Dataset excerpt
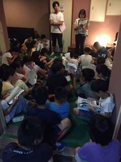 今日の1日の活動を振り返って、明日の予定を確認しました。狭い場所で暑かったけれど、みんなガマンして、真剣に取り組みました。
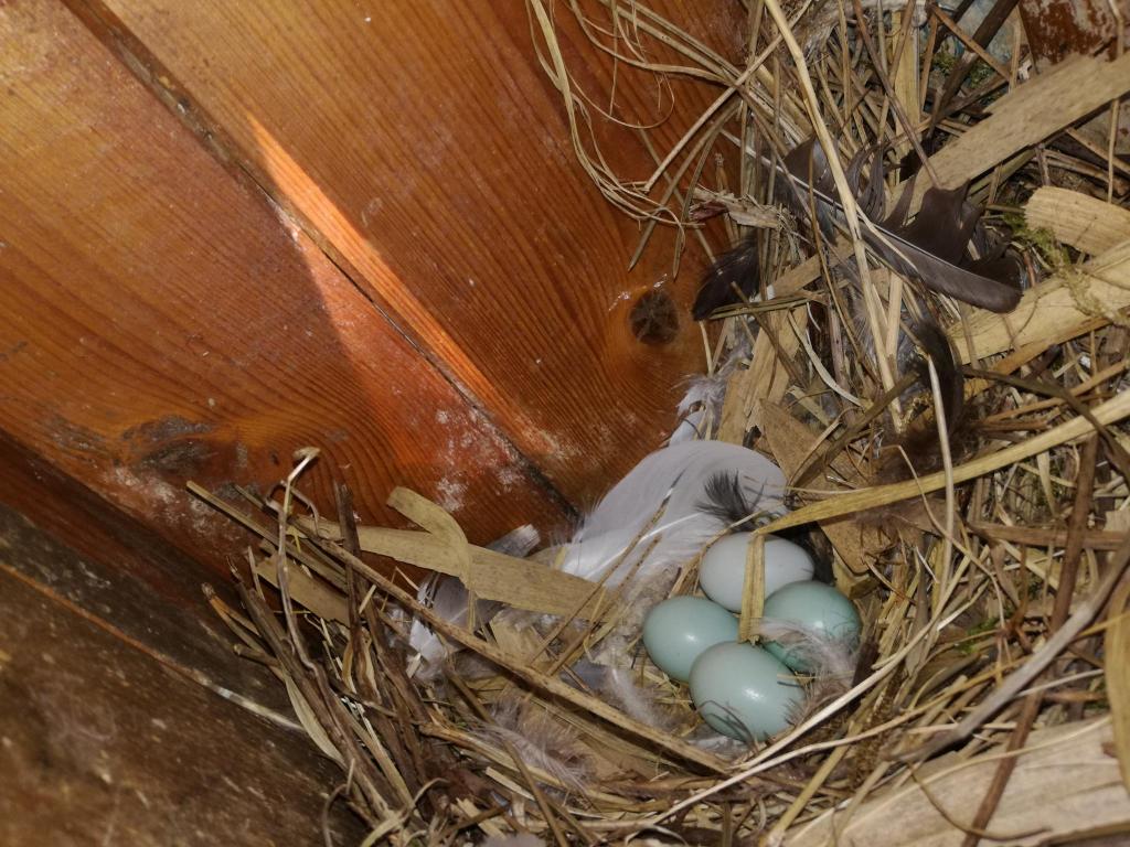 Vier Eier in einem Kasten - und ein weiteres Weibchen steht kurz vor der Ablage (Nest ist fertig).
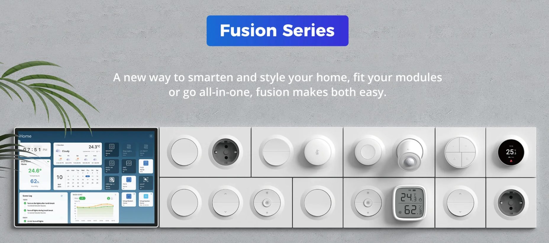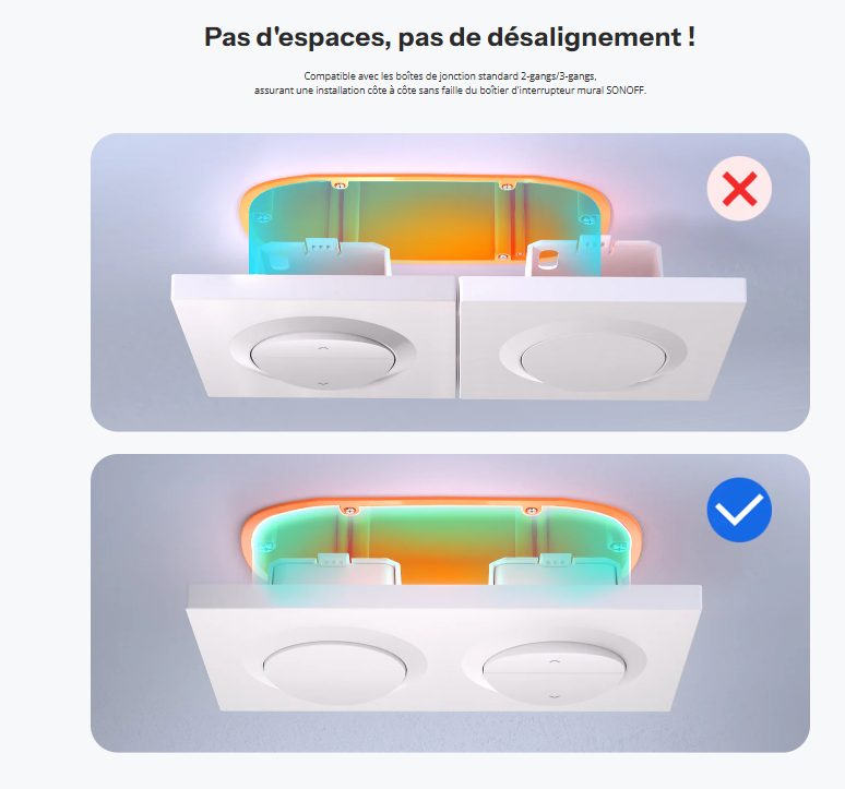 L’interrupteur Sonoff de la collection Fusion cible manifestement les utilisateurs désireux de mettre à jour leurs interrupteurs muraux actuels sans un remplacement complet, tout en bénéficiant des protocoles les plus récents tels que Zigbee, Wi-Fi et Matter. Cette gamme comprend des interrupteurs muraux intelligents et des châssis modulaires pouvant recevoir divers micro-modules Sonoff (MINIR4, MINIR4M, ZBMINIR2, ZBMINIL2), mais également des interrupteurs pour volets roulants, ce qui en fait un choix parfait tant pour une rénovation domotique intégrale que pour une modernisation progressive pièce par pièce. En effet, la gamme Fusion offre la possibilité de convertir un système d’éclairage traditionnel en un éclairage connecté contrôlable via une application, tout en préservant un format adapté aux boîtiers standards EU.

Task statement
Copy the whole of the material above exactly, and exclude every picture.

Exercise solution
 今日の1日の活動を振り返って、明日の予定を確認しました。狭い場所で暑かったけれど、みんなガマンして、真剣に取り組みました。
 Vier Eier in einem Kasten - und ein weiteres Weibchen steht kurz vor der Ablage (Nest ist fertig).
 L’interrupteur Sonoff de la collection Fusion cible manifestement les utilisateurs désireux de mettre à jour leurs interrupteurs muraux actuels sans un remplacement complet, tout en bénéficiant des protocoles les plus récents tels que Zigbee, Wi-Fi et Matter. Cette gamme comprend des interrupteurs muraux intelligents et des châssis modulaires pouvant recevoir divers micro-modules Sonoff (MINIR4, MINIR4M, ZBMINIR2, ZBMINIL2), mais également des interrupteurs pour volets roulants, ce qui en fait un choix parfait tant pour une rénovation domotique intégrale que pour une modernisation progressive pièce par pièce. En effet, la gamme Fusion offre la possibilité de convertir un système d’éclairage traditionnel en un éclairage connecté contrôlable via une application, tout en préservant un format adapté aux boîtiers standards EU.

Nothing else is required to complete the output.